[Opening Input material section]

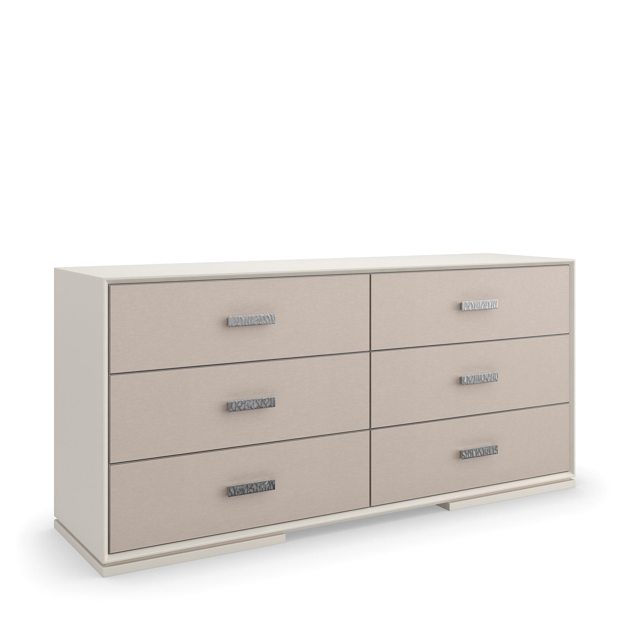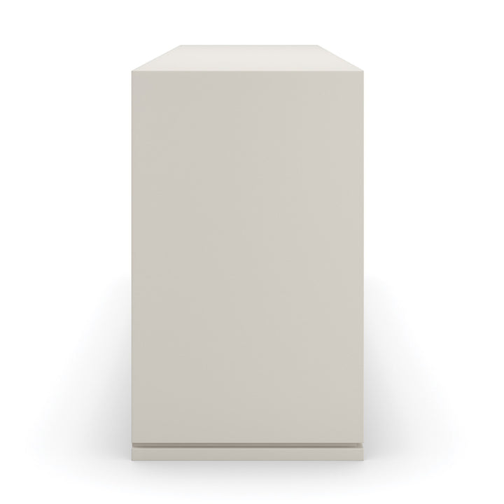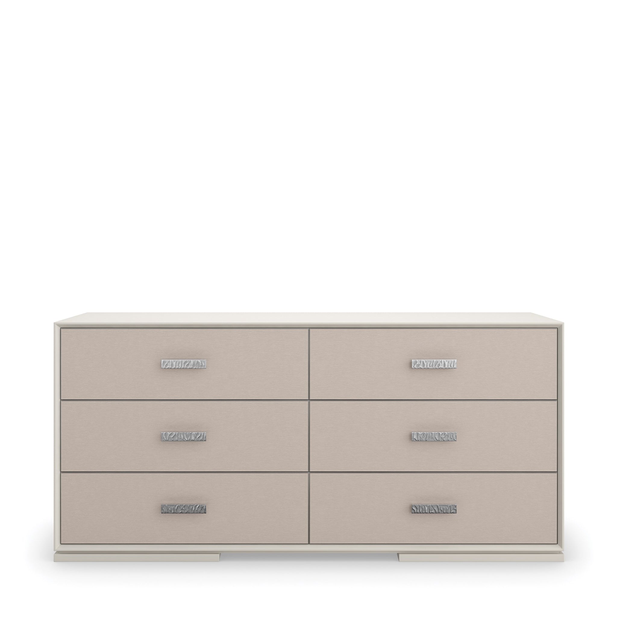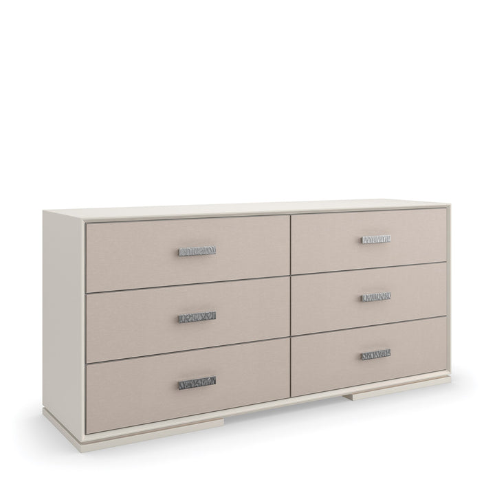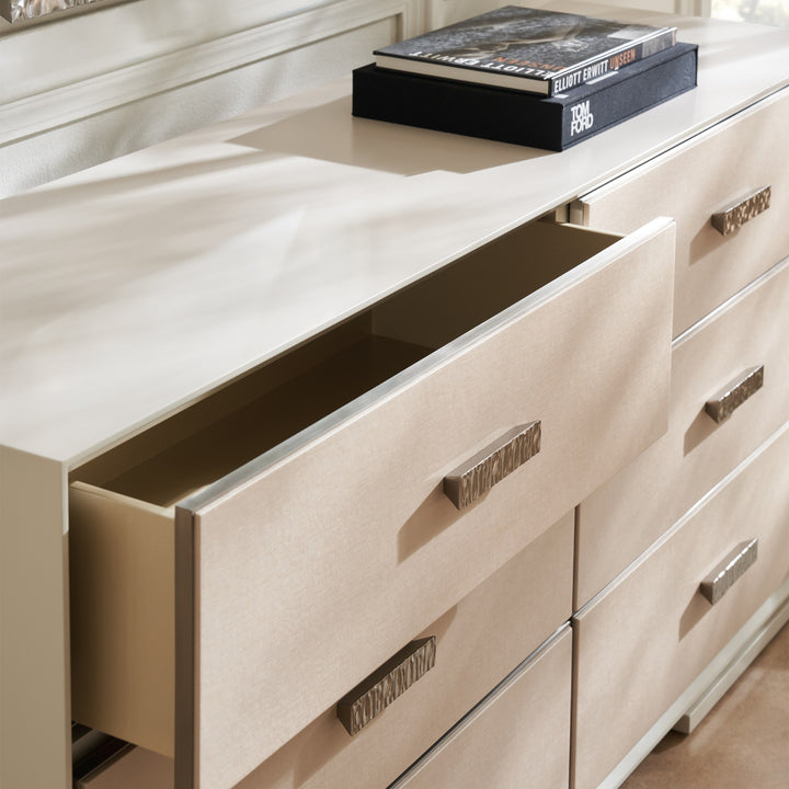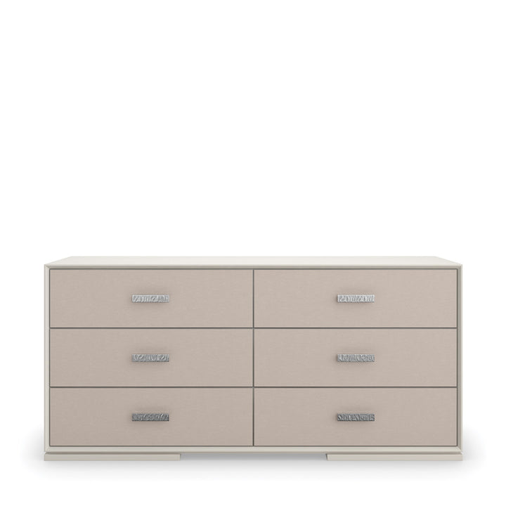 Liven up your space with the Silver Lining Dresser – a vision of modern sophistication. This dresser oozes modern charm with its refreshing Almond Milk finish and stylish Brushed Stainless metal accent. Its six drawers mix elegance and functionality with vinyl-wrapped fronts and soft-close undermount guides. A hint of elegance is added by the UV Linen drawer interior. Make a statement in your home with this cutting-edge piece that flawlessly integrates form and function.
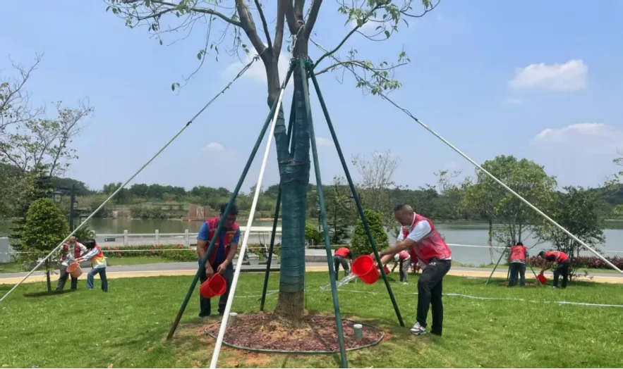 乡村绿化,树要种得下,还要栽得活、长得好。竹洞村党总支牢固树立“三分种、七分管”的理念,强化组织带领、党员带动、群众参与,不断激发内生动力、做实长效管护。“以前树死了只会补种,现在有‘体检医生’了!”竹洞村依托红联共建机制,充分发挥广州市园科院资源优势,组织专业团队多次深入竹洞,开展科普下乡、苗木“体检”、除虫除害等活动,手把手为干部群众传授“三埋两踩一提苗”技术,并向竹洞村捐赠花卉苗木,打通绿化技术下沉基层“最后一公里”。
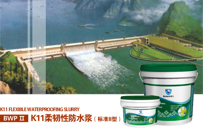 K11柔韌性防水漿是由丙烯酸乳液及精選助劑(液料)和優(yōu)質(zhì)水泥、級(jí)配砂及膠粉(粉料)按比例組成的雙組份、強(qiáng)韌塑膠改性聚合物水泥基防水漿料。將粉料和液料混合后涂刷,形成一層堅(jiān)韌的高彈性防水膜,該膜對(duì)混凝土和水泥砂漿有良好的粘附性,與基面結(jié)合牢固,從而達(dá)到長(zhǎng)久的防水效果。
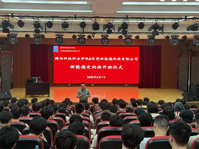 6月7日,赣西科技职业学院与东莞新能德科技有限公司(以下简称“新能德”)联合举办“新能德定向班”开班仪式,标志着双方在新能源产业人才培养领域的深度合作迈入新阶段。此次定向班由智能制造学院与信息技术学院学生共同组成,聚焦智能制造与新能源技术应用,通过“校企双元育人”模式,为区域产业发展输送高技能人才。
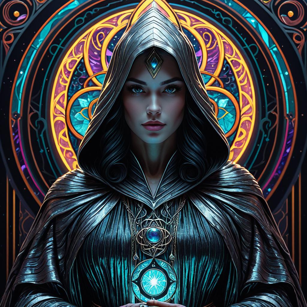 Front portrait of a dark witch wearing a detailed silver robe with a hood. She has striking shimmering eyes and holds a glowing amulet with a cosmic design. The background features a colorful, swirling Art Nouveau tarot-inspired pattern with glowing and gaudy colors, giving a mystical and luminescent atmosphere.
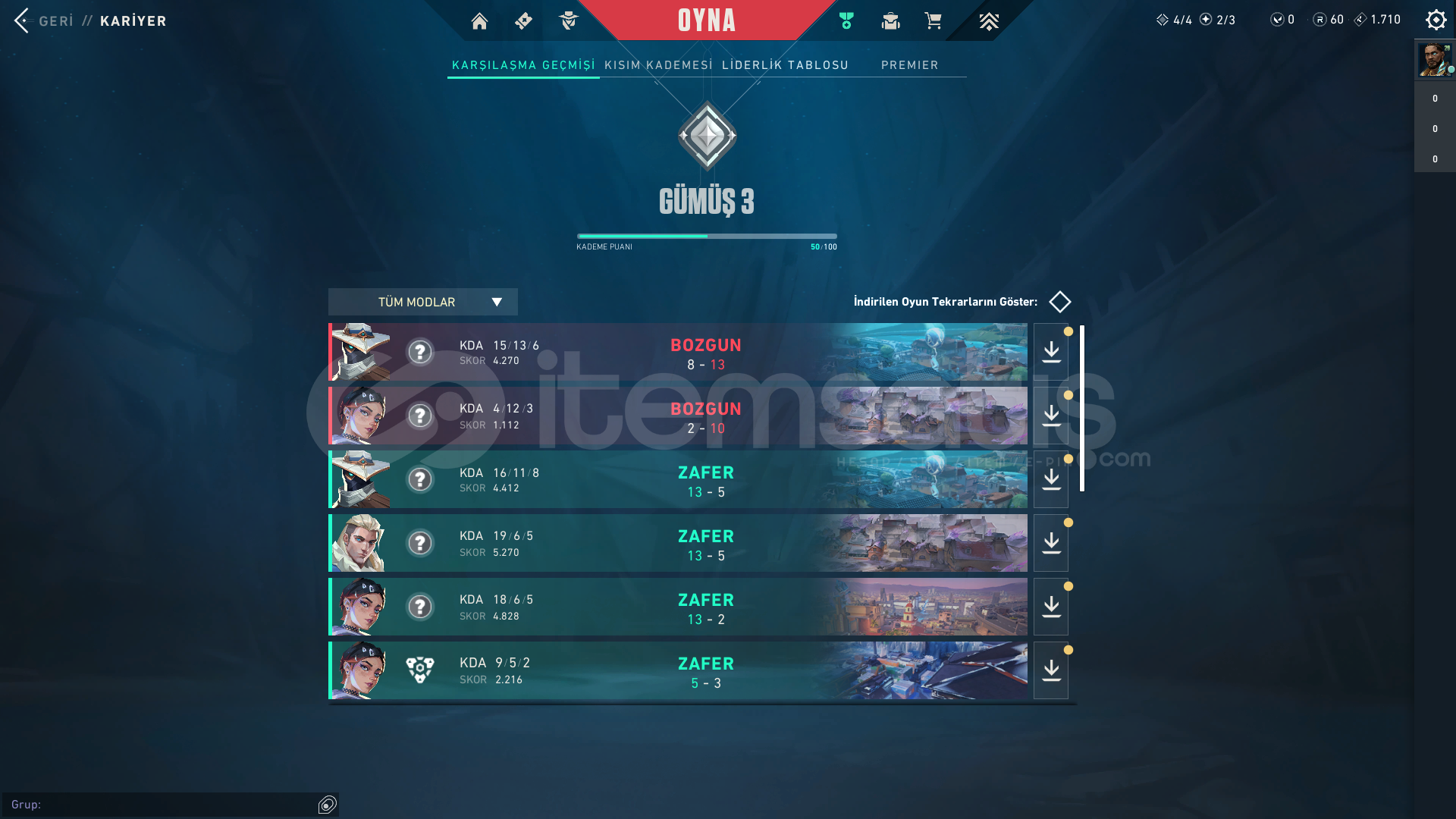 Hesap Gümüş 3 Rankındadır.
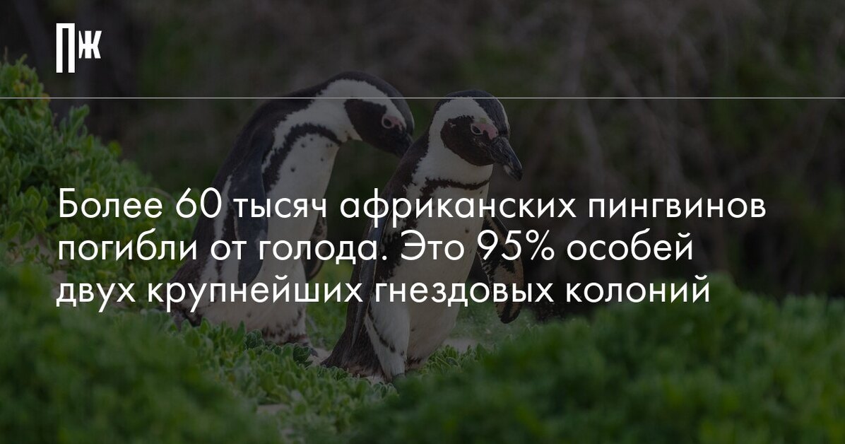 Более 60 тысяч африканских пингвинов погибли от голода. Это 95% особей двух крупнейших гнездовых колоний
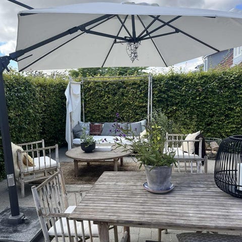 Luksus hængeparasol i et smukt, moderne design med en solid ramme i aluminium og en hejsekrank, der gør det nemt at åbne og lukke parasollen. Den eksklusive hængeparasol giver behagelig skygge samt ekstra, fleksibelt ly. OBS! Parasolfod i stål medfølger men uden ballast!
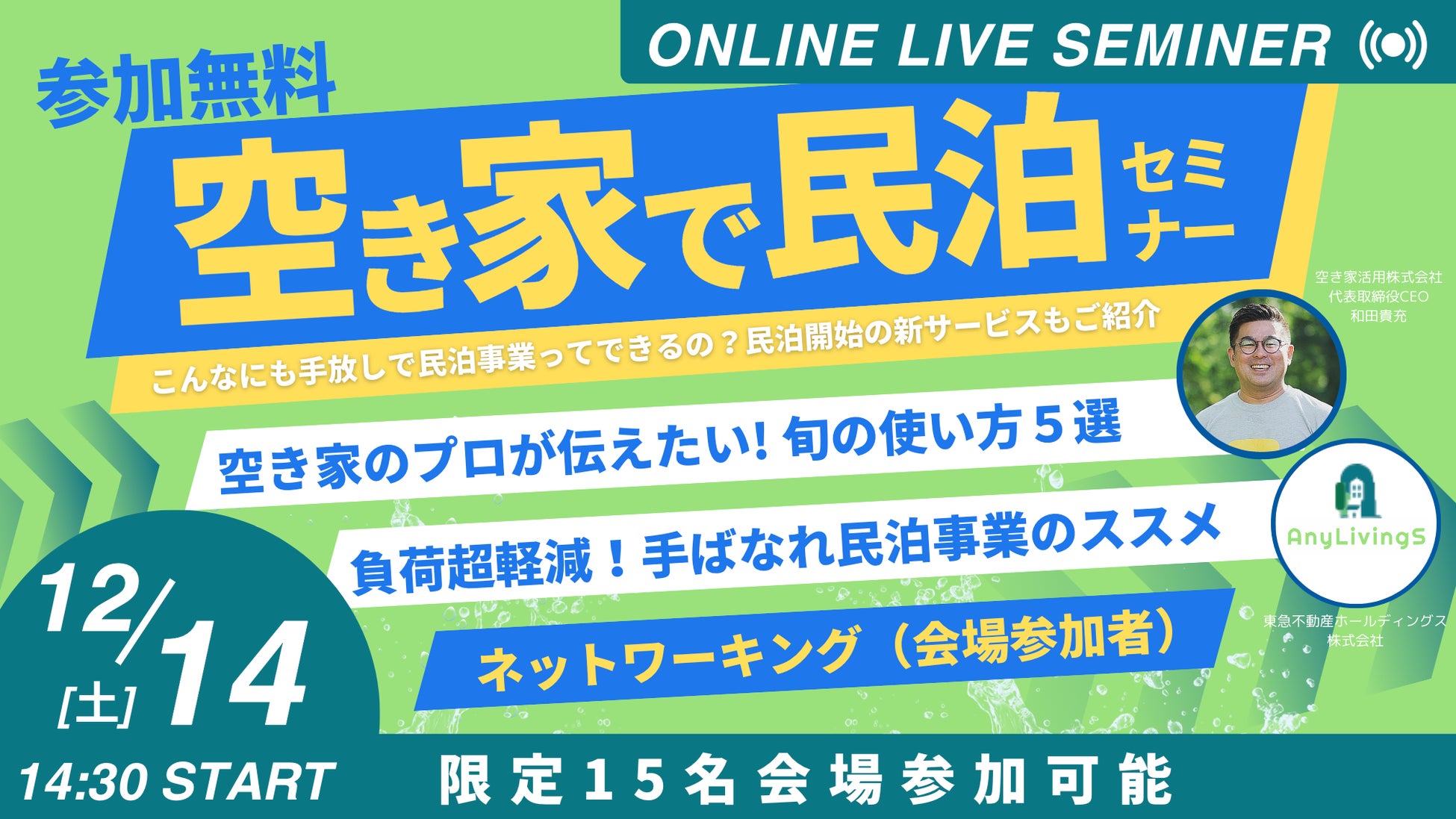 【12/13・14日の2日間開催】「空き家で民泊セミナー」 空き家活用のプロと、初期費用ゼロ!や手離れ抜群!な民泊の大注目ソリューションが登壇のセミナー。オンラインとオフライン開催で、参加無料!
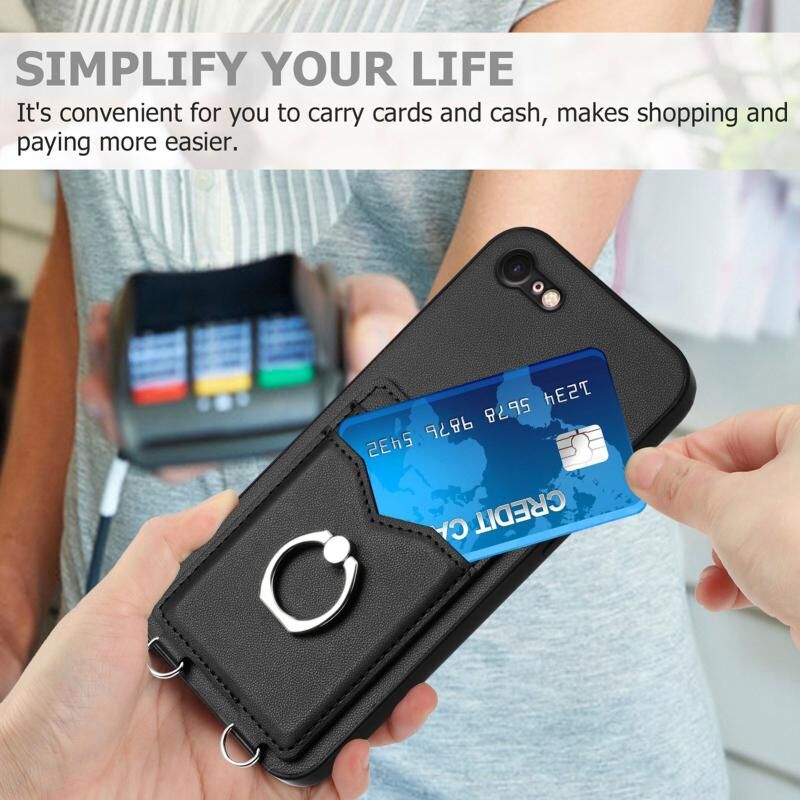 For iPhone SE 2022 / SE 2020 / 8 R20 Ring Card Holder Phone Case(Black)

[Closing Input material section]

Work task:
Each entry above should be reproduced exactly, with the pictures removed.

The completed task:
 Liven up your space with the Silver Lining Dresser – a vision of modern sophistication. This dresser oozes modern charm with its refreshing Almond Milk finish and stylish Brushed Stainless metal accent. Its six drawers mix elegance and functionality with vinyl-wrapped fronts and soft-close undermount guides. A hint of elegance is added by the UV Linen drawer interior. Make a statement in your home with this cutting-edge piece that flawlessly integrates form and function.
 乡村绿化,树要种得下,还要栽得活、长得好。竹洞村党总支牢固树立“三分种、七分管”的理念,强化组织带领、党员带动、群众参与,不断激发内生动力、做实长效管护。“以前树死了只会补种,现在有‘体检医生’了!”竹洞村依托红联共建机制,充分发挥广州市园科院资源优势,组织专业团队多次深入竹洞,开展科普下乡、苗木“体检”、除虫除害等活动,手把手为干部群众传授“三埋两踩一提苗”技术,并向竹洞村捐赠花卉苗木,打通绿化技术下沉基层“最后一公里”。
 K11柔韌性防水漿是由丙烯酸乳液及精選助劑(液料)和優(yōu)質(zhì)水泥、級(jí)配砂及膠粉(粉料)按比例組成的雙組份、強(qiáng)韌塑膠改性聚合物水泥基防水漿料。將粉料和液料混合后涂刷,形成一層堅(jiān)韌的高彈性防水膜,該膜對(duì)混凝土和水泥砂漿有良好的粘附性,與基面結(jié)合牢固,從而達(dá)到長(zhǎng)久的防水效果。
 6月7日,赣西科技职业学院与东莞新能德科技有限公司(以下简称“新能德”)联合举办“新能德定向班”开班仪式,标志着双方在新能源产业人才培养领域的深度合作迈入新阶段。此次定向班由智能制造学院与信息技术学院学生共同组成,聚焦智能制造与新能源技术应用,通过“校企双元育人”模式,为区域产业发展输送高技能人才。
 Front portrait of a dark witch wearing a detailed silver robe with a hood. She has striking shimmering eyes and holds a glowing amulet with a cosmic design. The background features a colorful, swirling Art Nouveau tarot-inspired pattern with glowing and gaudy colors, giving a mystical and luminescent atmosphere.
 Hesap Gümüş 3 Rankındadır.
 Более 60 тысяч африканских пингвинов погибли от голода. Это 95% особей двух крупнейших гнездовых колоний
 Luksus hængeparasol i et smukt, moderne design med en solid ramme i aluminium og en hejsekrank, der gør det nemt at åbne og lukke parasollen. Den eksklusive hængeparasol giver behagelig skygge samt ekstra, fleksibelt ly. OBS! Parasolfod i stål medfølger men uden ballast!
 【12/13・14日の2日間開催】「空き家で民泊セミナー」 空き家活用のプロと、初期費用ゼロ!や手離れ抜群!な民泊の大注目ソリューションが登壇のセミナー。オンラインとオフライン開催で、参加無料!
 For iPhone SE 2022 / SE 2020 / 8 R20 Ring Card Holder Phone Case(Black)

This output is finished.